Available data:
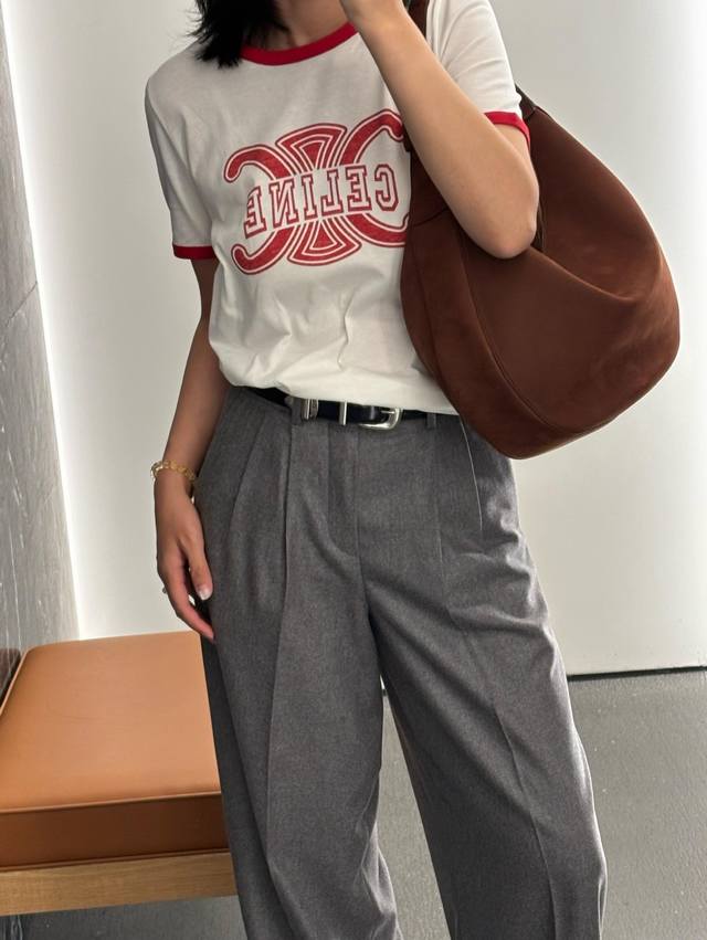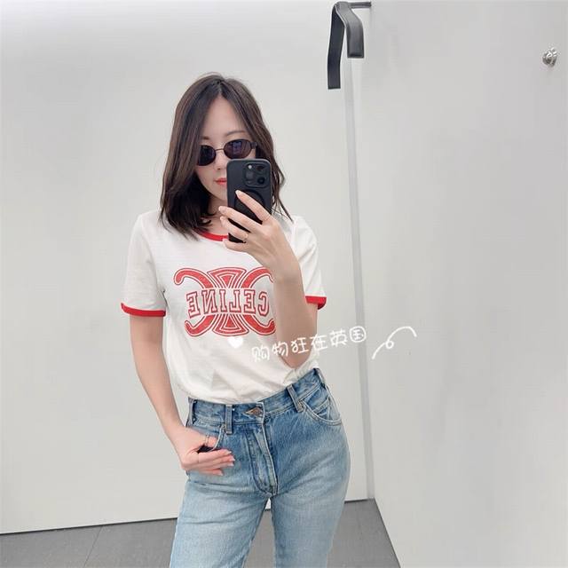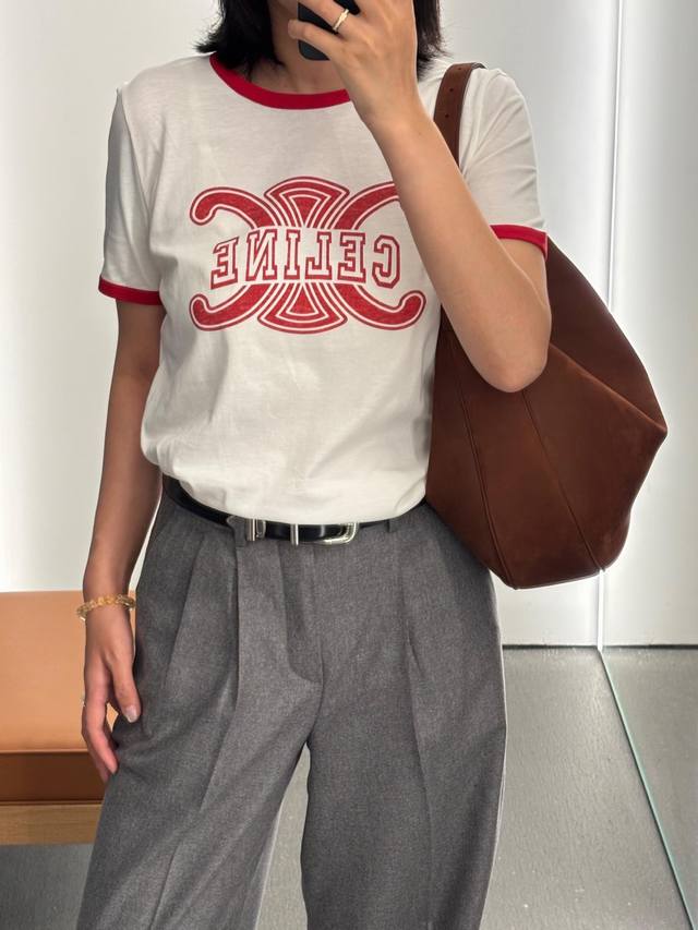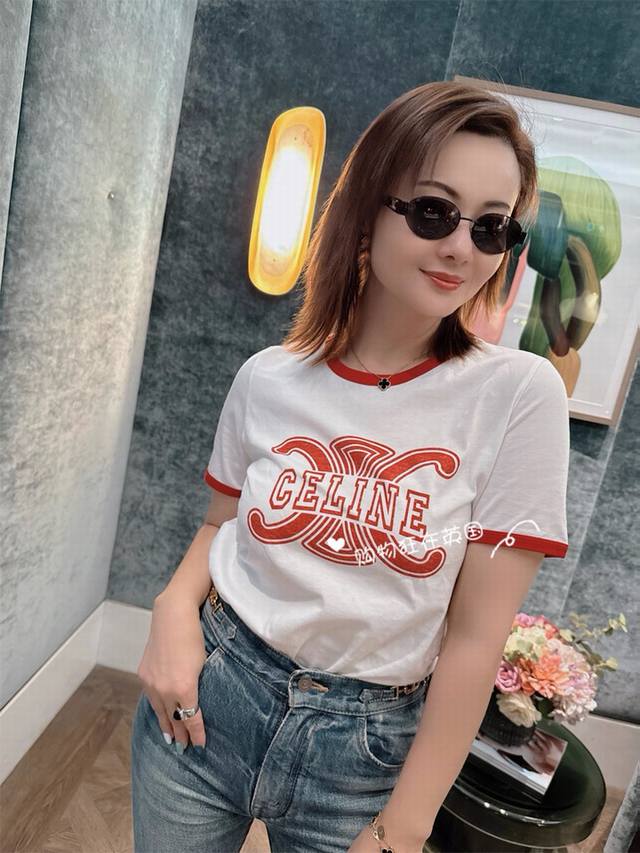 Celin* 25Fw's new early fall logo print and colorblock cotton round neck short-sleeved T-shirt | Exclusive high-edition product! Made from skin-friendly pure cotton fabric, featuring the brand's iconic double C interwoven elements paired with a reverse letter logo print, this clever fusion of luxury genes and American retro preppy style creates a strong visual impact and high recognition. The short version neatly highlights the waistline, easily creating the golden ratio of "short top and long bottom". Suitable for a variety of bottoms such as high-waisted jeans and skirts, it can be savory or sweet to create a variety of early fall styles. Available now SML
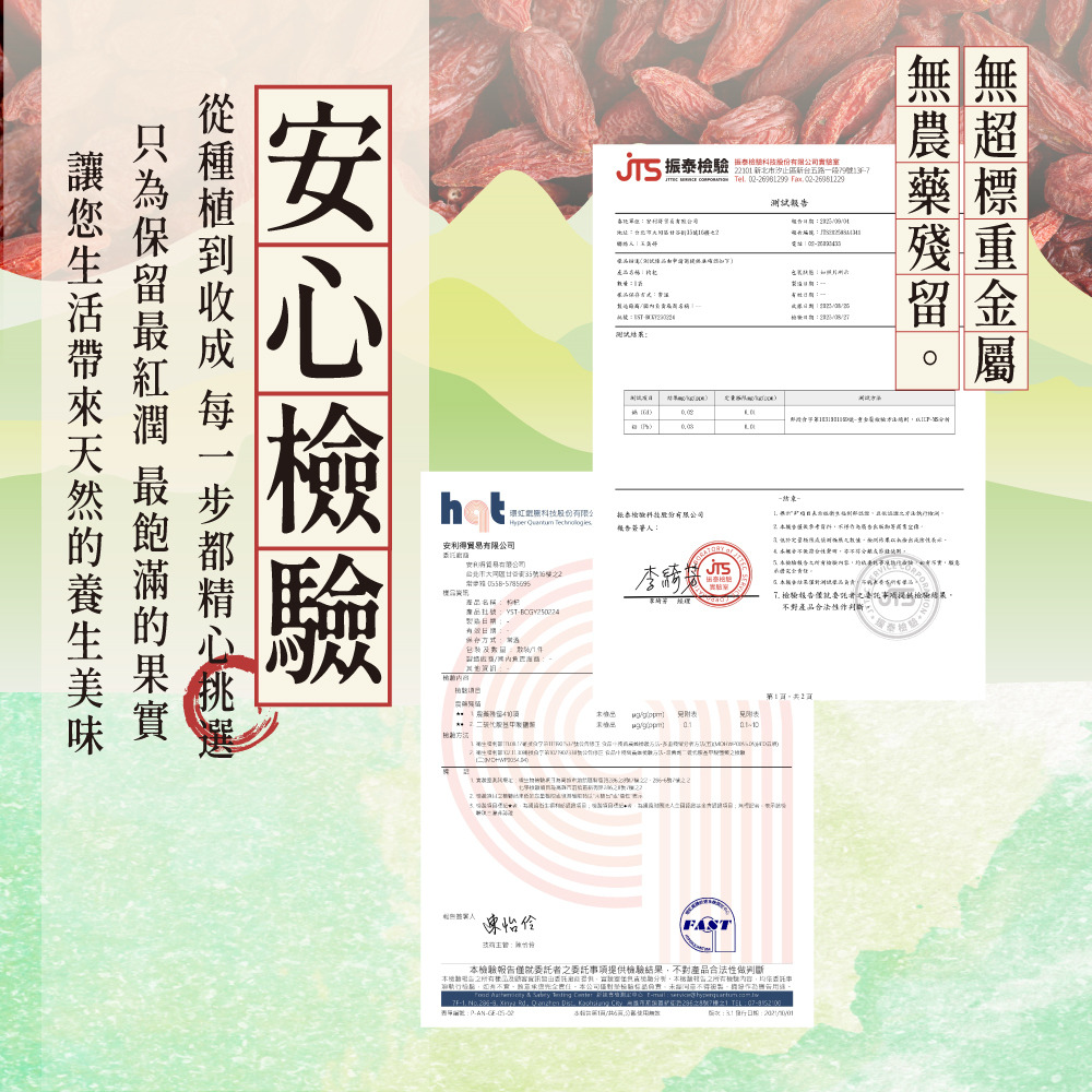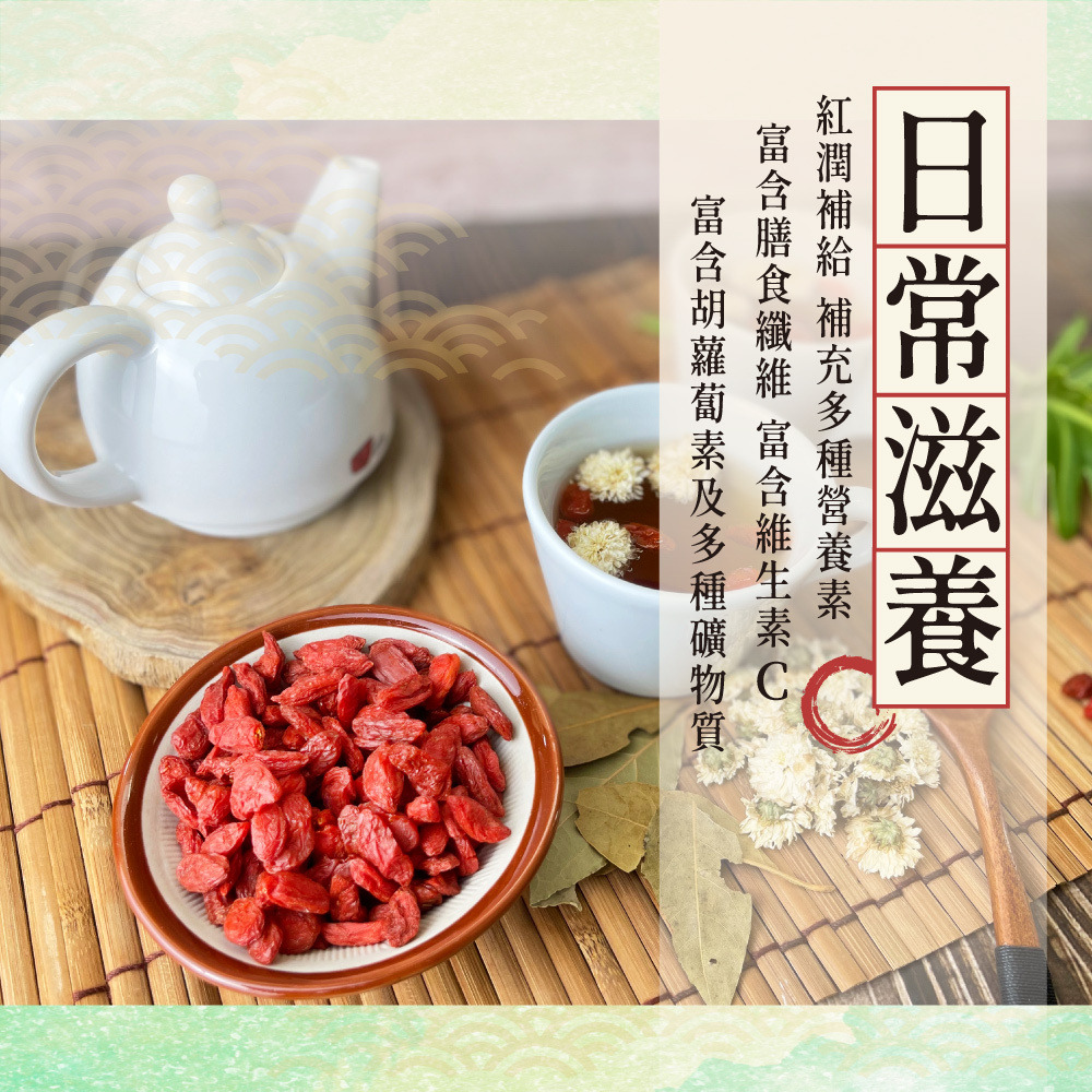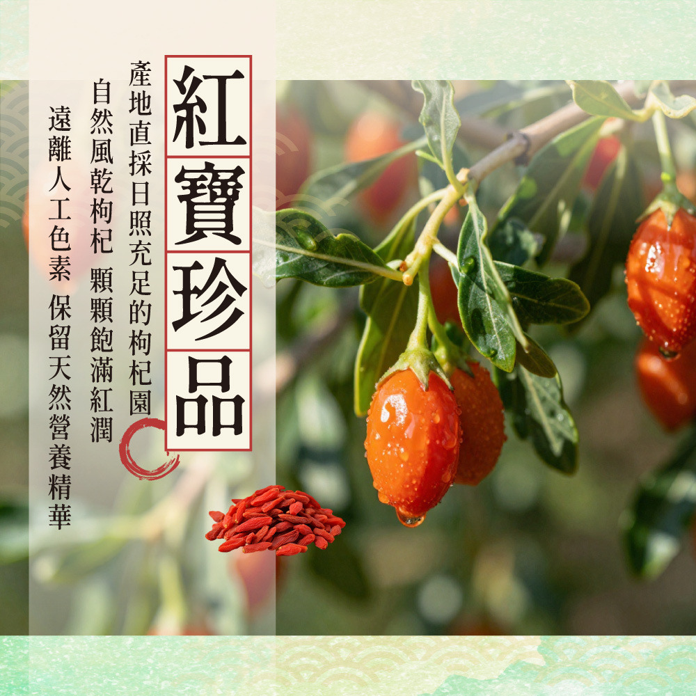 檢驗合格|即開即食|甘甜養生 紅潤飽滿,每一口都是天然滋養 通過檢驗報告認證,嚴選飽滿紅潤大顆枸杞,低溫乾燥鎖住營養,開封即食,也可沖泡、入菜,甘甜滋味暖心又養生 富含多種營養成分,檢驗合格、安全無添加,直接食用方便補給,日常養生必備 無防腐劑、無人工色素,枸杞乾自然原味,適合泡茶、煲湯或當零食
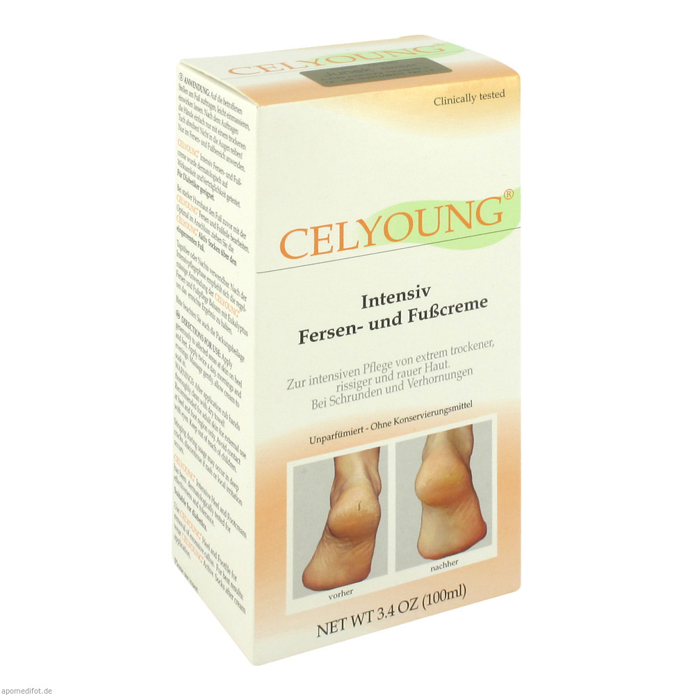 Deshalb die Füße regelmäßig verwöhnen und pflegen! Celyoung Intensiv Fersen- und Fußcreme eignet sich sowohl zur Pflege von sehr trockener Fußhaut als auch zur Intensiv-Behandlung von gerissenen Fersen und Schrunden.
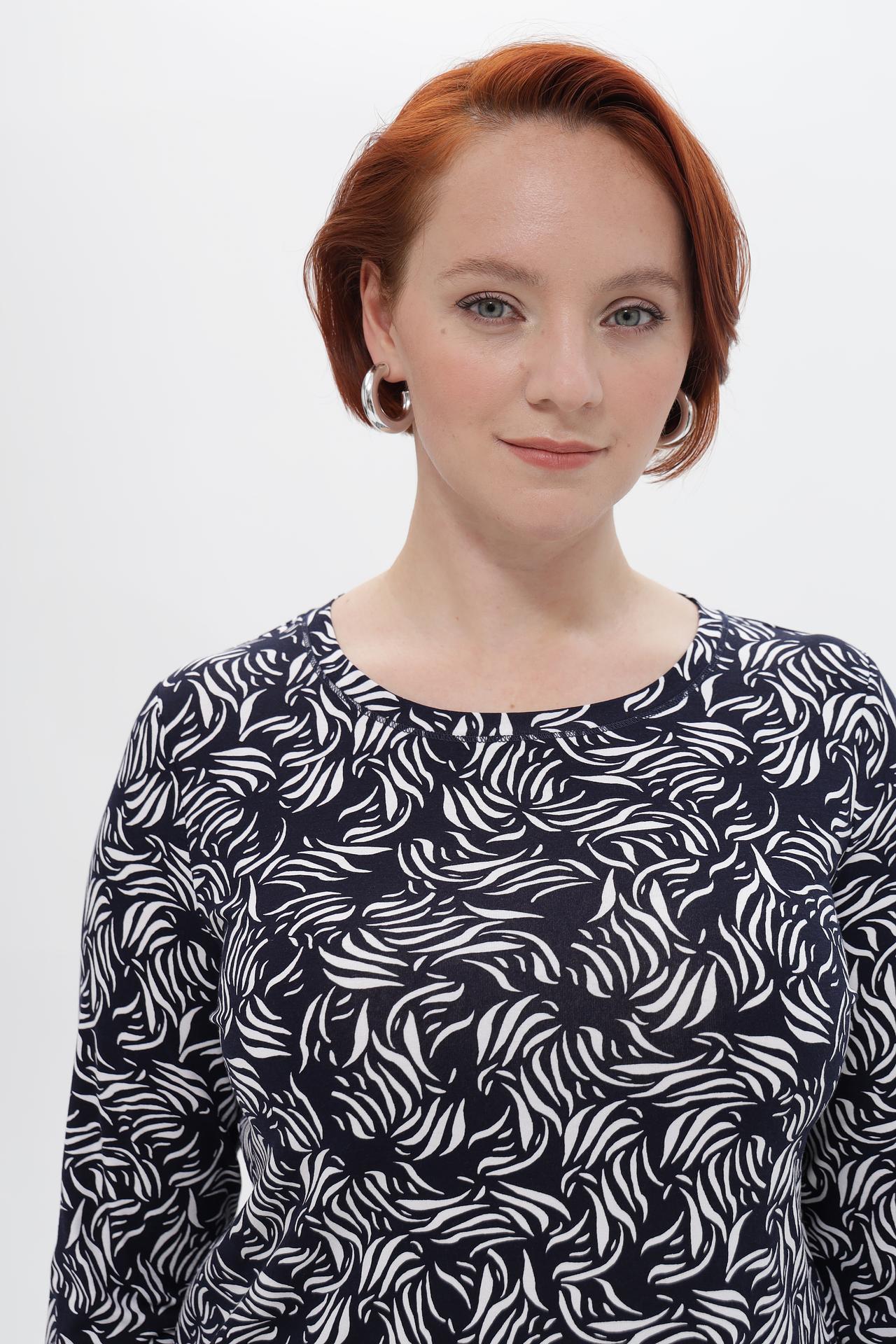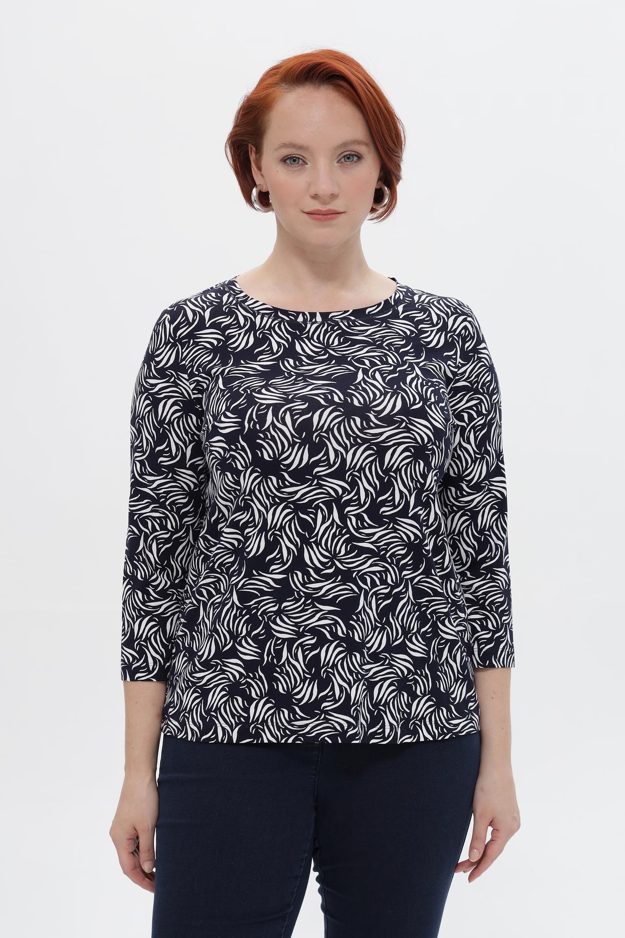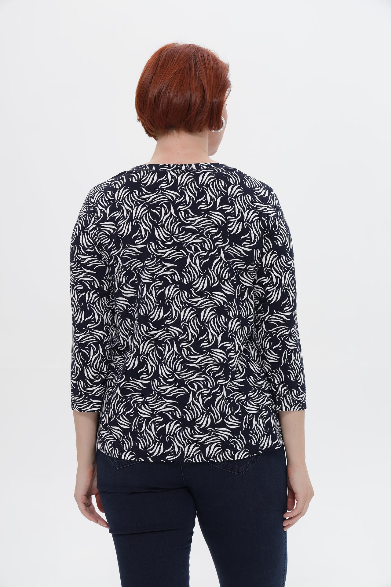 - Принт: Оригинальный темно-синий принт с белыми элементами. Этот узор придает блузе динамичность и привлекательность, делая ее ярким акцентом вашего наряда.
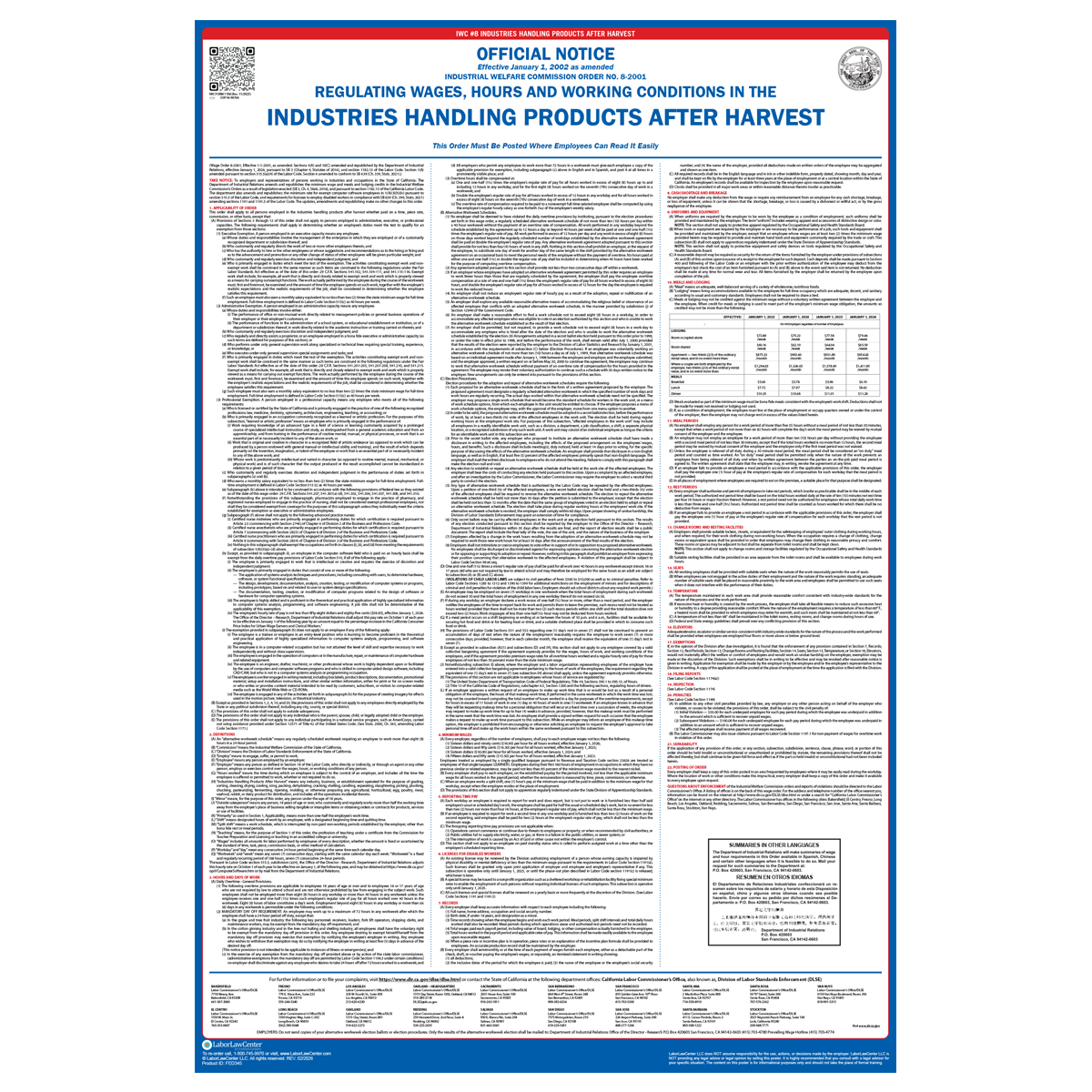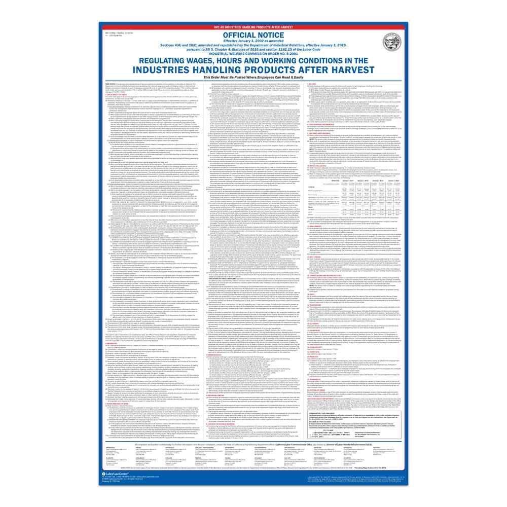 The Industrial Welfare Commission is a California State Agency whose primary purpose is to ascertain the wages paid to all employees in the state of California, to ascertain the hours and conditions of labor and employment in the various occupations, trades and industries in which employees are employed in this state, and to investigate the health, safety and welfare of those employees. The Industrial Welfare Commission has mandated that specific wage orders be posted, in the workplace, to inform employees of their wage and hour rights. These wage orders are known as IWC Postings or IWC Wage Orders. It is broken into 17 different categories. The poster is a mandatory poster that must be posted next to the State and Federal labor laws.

What is needed: Only the lines from the start of the material to the line with "- Принт: Оригинальный", inclusive, belong in the answer, printed exactly and free of pictures.

Answer section:
 Celin* 25Fw's new early fall logo print and colorblock cotton round neck short-sleeved T-shirt | Exclusive high-edition product! Made from skin-friendly pure cotton fabric, featuring the brand's iconic double C interwoven elements paired with a reverse letter logo print, this clever fusion of luxury genes and American retro preppy style creates a strong visual impact and high recognition. The short version neatly highlights the waistline, easily creating the golden ratio of "short top and long bottom". Suitable for a variety of bottoms such as high-waisted jeans and skirts, it can be savory or sweet to create a variety of early fall styles. Available now SML
 檢驗合格|即開即食|甘甜養生 紅潤飽滿,每一口都是天然滋養 通過檢驗報告認證,嚴選飽滿紅潤大顆枸杞,低溫乾燥鎖住營養,開封即食,也可沖泡、入菜,甘甜滋味暖心又養生 富含多種營養成分,檢驗合格、安全無添加,直接食用方便補給,日常養生必備 無防腐劑、無人工色素,枸杞乾自然原味,適合泡茶、煲湯或當零食
 Deshalb die Füße regelmäßig verwöhnen und pflegen! Celyoung Intensiv Fersen- und Fußcreme eignet sich sowohl zur Pflege von sehr trockener Fußhaut als auch zur Intensiv-Behandlung von gerissenen Fersen und Schrunden.
 - Принт: Оригинальный темно-синий принт с белыми элементами. Этот узор придает блузе динамичность и привлекательность, делая ее ярким акцентом вашего наряда.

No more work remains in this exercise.